While this is the easiest to implement it is as well the most unpractical to use, I mean, we will end up with a very small hash table that basically cannot keep more than just a small bunch of elements. Another collision resolution technique is extend and rehash and it is pretty much as the name says, you extend the inner container and then rehash all the elements and repeat until there are no collisions, this is one of the most used collision resolution in simple hash tables:

class ExtendHash(val growRate: Double = 1.5): Hash() {
    private fun rehash() {
        val newSize = (size * growRate).toInt()
        val items = buckets.copyOf()

        buckets = arrayOfNulls(newSize)
        for (elem in items.filterNotNull()) add(elem)
    }

    override fun add(value: Int) {
        val key = hash(value)
        if (buckets[key] != null && buckets[key] != value) {
            rehash()
            add(value)
        }
        else buckets[key] = value
    }
}

The tests are not really that complicated:

class ExtendHashTests {
    @Test
    fun `In an empty hash nothing wrong happens`() {
        val hash = CollisionHash()
        hash.add(12)
        hash.add(2)

        assertTrue { hash.exists(12) }
        assertTrue { hash.exists(2) }
    }

    @Test
    fun `If the bucket is already occupied we extend and rehash`() {
        val hash = ExtendHash()
        val initial = hash.size

        hash.add(12)
        hash.add(19)

        assertTrue { hash.exists(12) }
        assertTrue { hash.exists(19) }
        assertEquals((initial * hash.growRate).toInt(), hash.size)
    }
}

There is another conflic resolution technique (in fact it is a whole group) named probing, the idea is that if the bucket is already take you search for adjacent empty buckets and place the element there. For the search process you do the same, you see if the element is in the bucket and if not you search the adjacent elements to see if it is located there. There are many different algorithms for probing, for example linear probing where we check in linear fashion until we reach the end (and shows the error) or find an available slot. I won’t use much of my time writing a case around linear probing, I think you can write your own implementation with what you know now :)

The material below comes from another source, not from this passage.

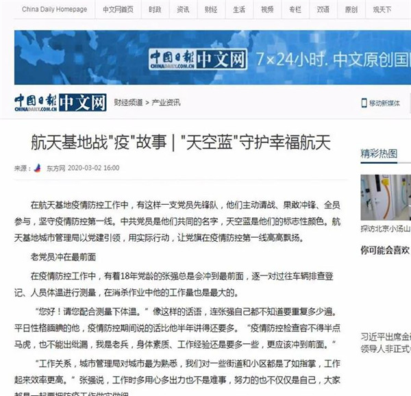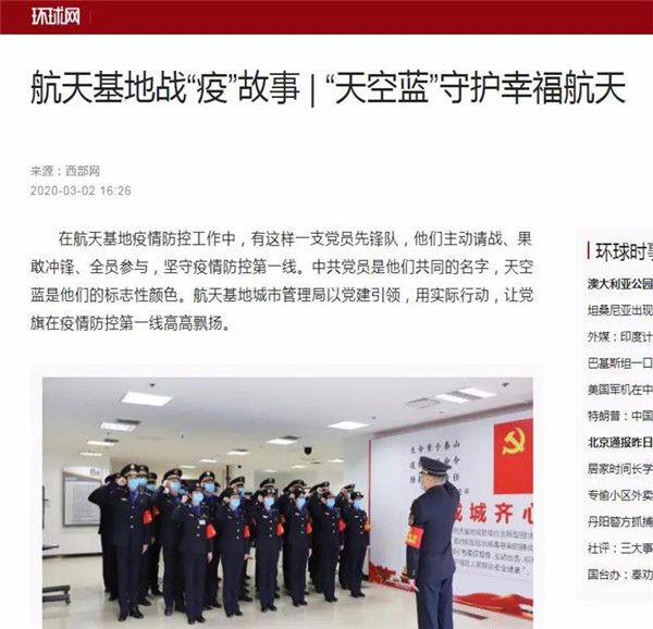 3月2日,航天基地《“天空藍(lán)”守護(hù)幸福航天》,講述了擁有18年黨齡的張強、退役士官魏斌、工作人緣好李鵬飛用行動展現(xiàn)共產(chǎn)黨人政治本色的積極實踐。國際在線、中國日報網(wǎng)、環(huán)球網(wǎng)、鳳凰網(wǎng)、西部網(wǎng)、三秦網(wǎng)、搜狐等近20家中央、省級、市級網(wǎng)絡(luò)媒體轉(zhuǎn)發(fā),網(wǎng)友產(chǎn)生強烈共鳴。

A very common collision resolution algorithm is using separate chaining, in this idea we have a linked list in each bucket and we simply append to that linked list if we have already elements in that list. For searching we just search in that bucket linked list. This strategy won’t require extending the hash but it will involve a sequential search if we have too many elements in one sole bucket.

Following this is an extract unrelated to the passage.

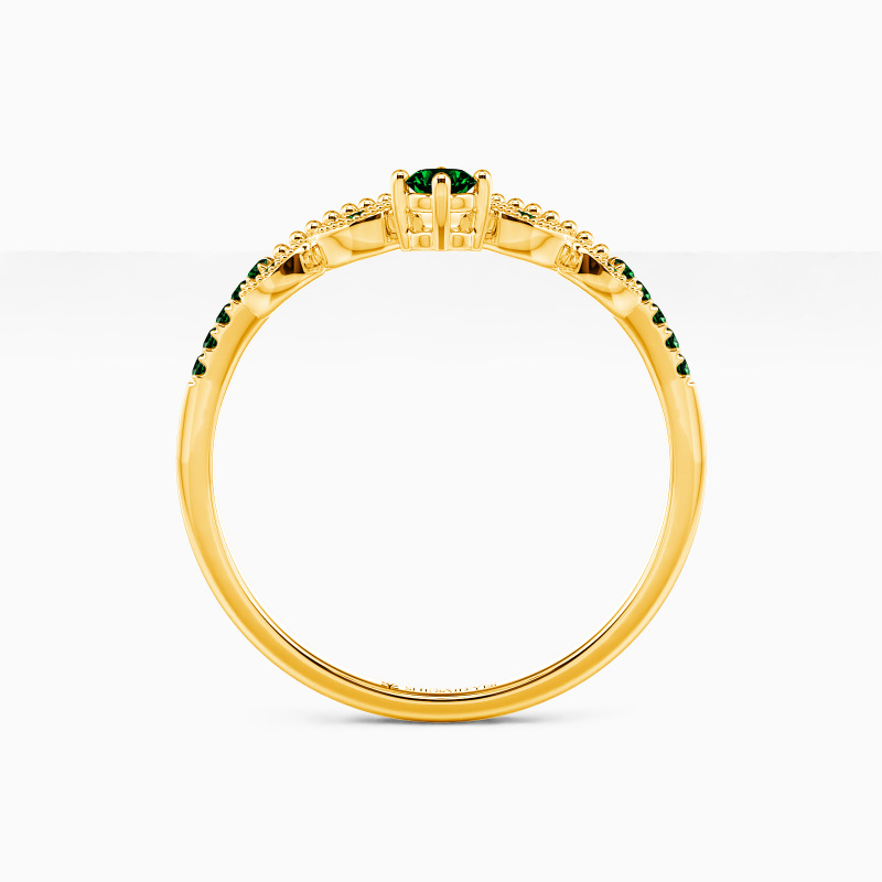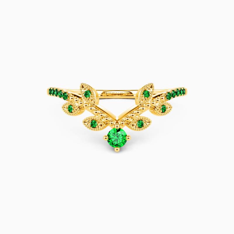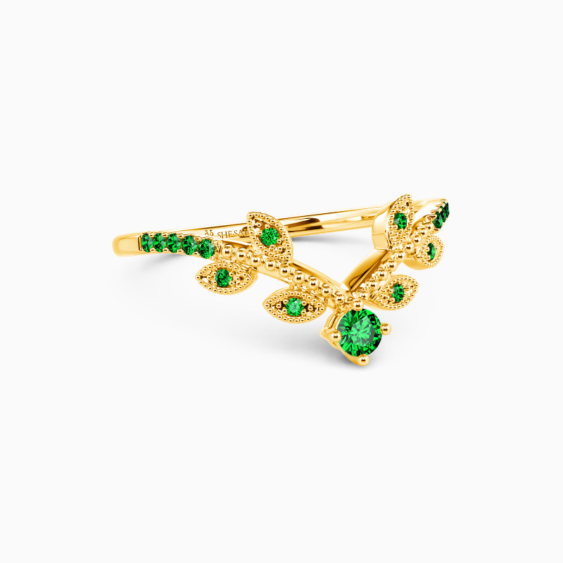 This modern band is a perfect way to add a touch of style and elegance to any ensemble. The leafy design runs along the shank reminding you to enjoy the natural joy in life. It sparkles with the twinkling round-cut stone and intricate milgrain borders. Stack or wear it solo, make a statement with this prominent masterpiece.

Hash tables are pretty sweet as lookup structures, your standar library already have dictionaries or maps, those are actually hash tables, and as I explained here, creating a good hash key algorithm or placing the item in its correct bucket is not trivial but it can become extremely complex. I will advice to use your existing hash structures in your library and if you have to implement your own (for some weird reason) be careful with the edge cases, pretty much the same cases as with the bucket sort algorithm.